Еще некоторое время длилось ожидание; но вот из первого зала донеслись глухой шум, гомон, восклицания, и в распахнутых боковых дверях показалась папская гвардия, несущая фигуру в белом. Марыня судорожно сжала руку мужа, он ответил ей пожатием, и, как во время венчания, все теснящиеся мысли, впечатления слились в одно общее чувство исключительной важности и торжественности происходящего.
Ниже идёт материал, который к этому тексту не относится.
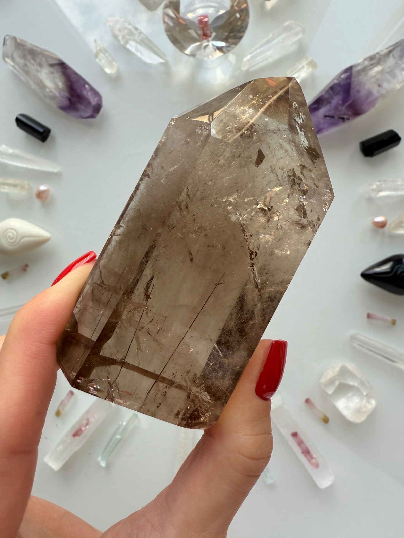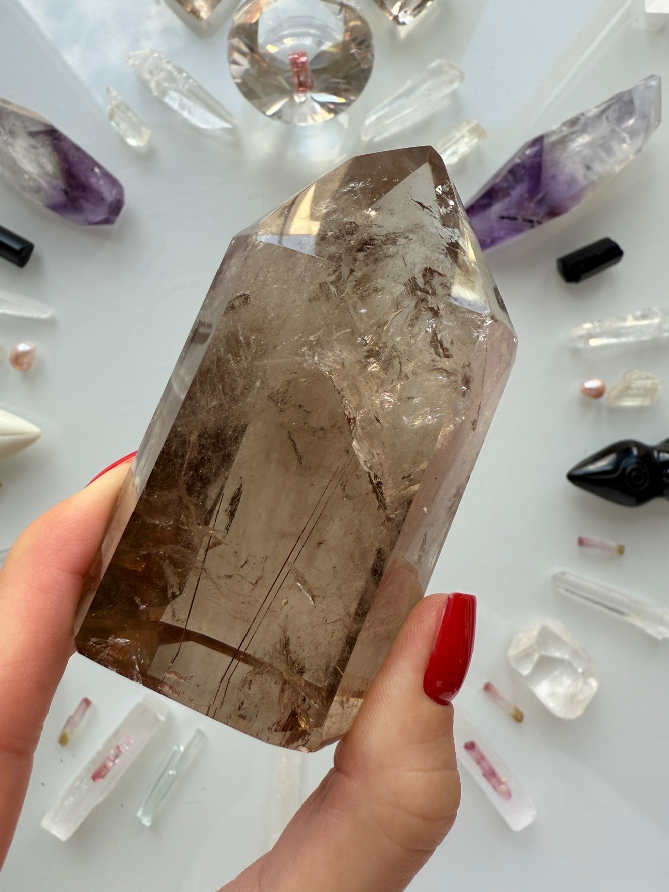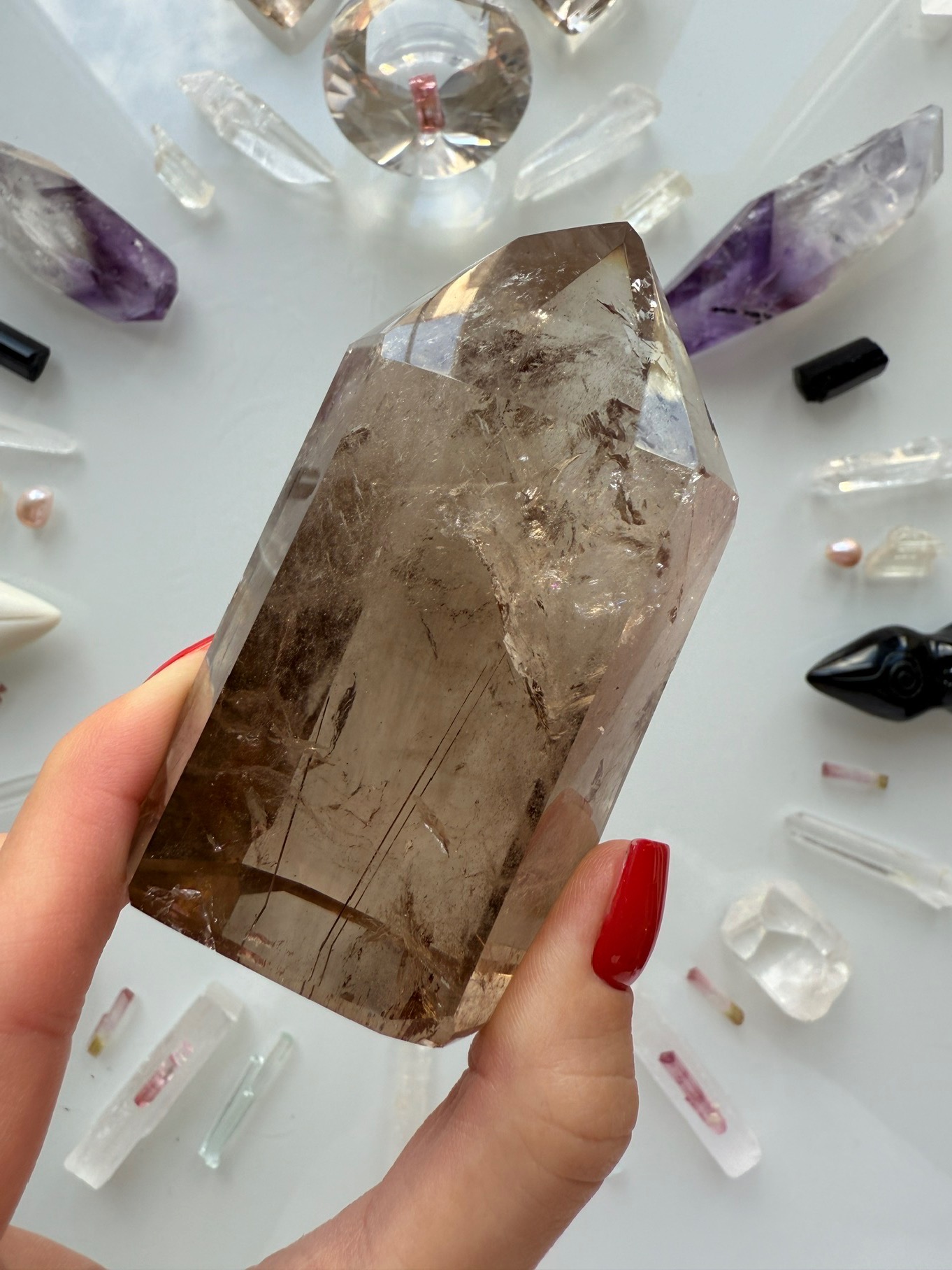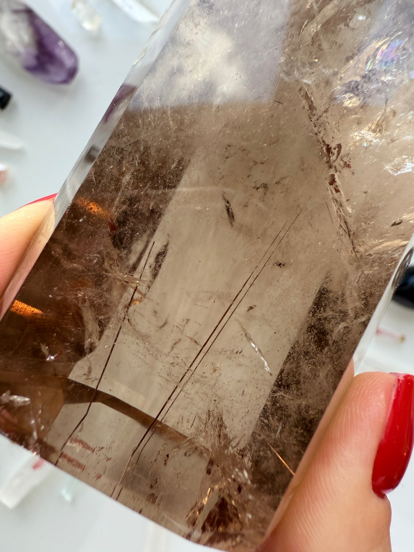 Nádherná špice záhnědy, kterou prochází rutil. Jedná se o silnou kombinaci, kde prostupuje energie rutilu a zesiluje tok záhnědy.
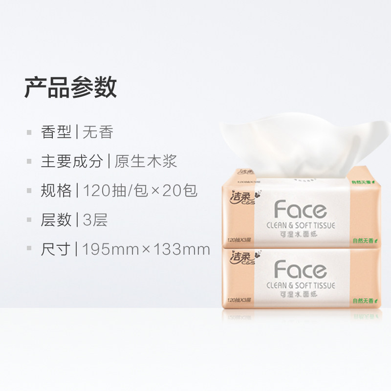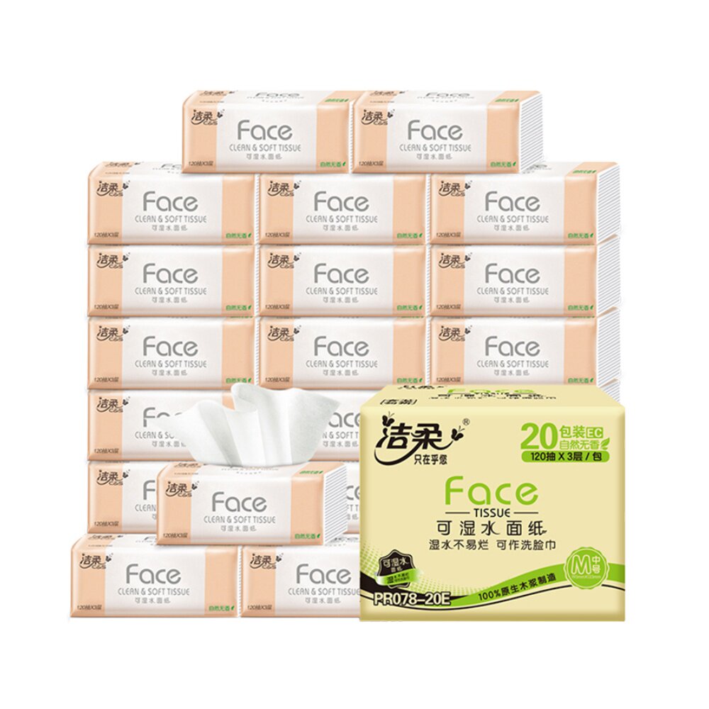 Clean Face removable toilet paper Wet surface paper whole box hand-wiping toilet paper M size 120 pumping 20 packs of household affordable packaging

Один из кардиналов начал что-то говорить, но Поланецкий не слышал и не понимал его. Глаза, сознание, вся душа его прикованы были к фигуре в белом. Ничто не ускользнуло от его внимания. Поражали худоба, изможденность, болезненный вид этого старца, прозрачная бледность лица, как у покойника. Было в нем нечто бесплотное, полупризрачное: как брезжущий сквозь матовое стекло свет, дух сквозил через телесную оболочку, как бы лишь посредствующую между миром бренным и нетленным, человеческим и вместе сверхчеловеческим, еще земным и уже неземным. Плоть представала в этом удивительном единстве словно чем-то нематериальным, а дух – чем-то реальным.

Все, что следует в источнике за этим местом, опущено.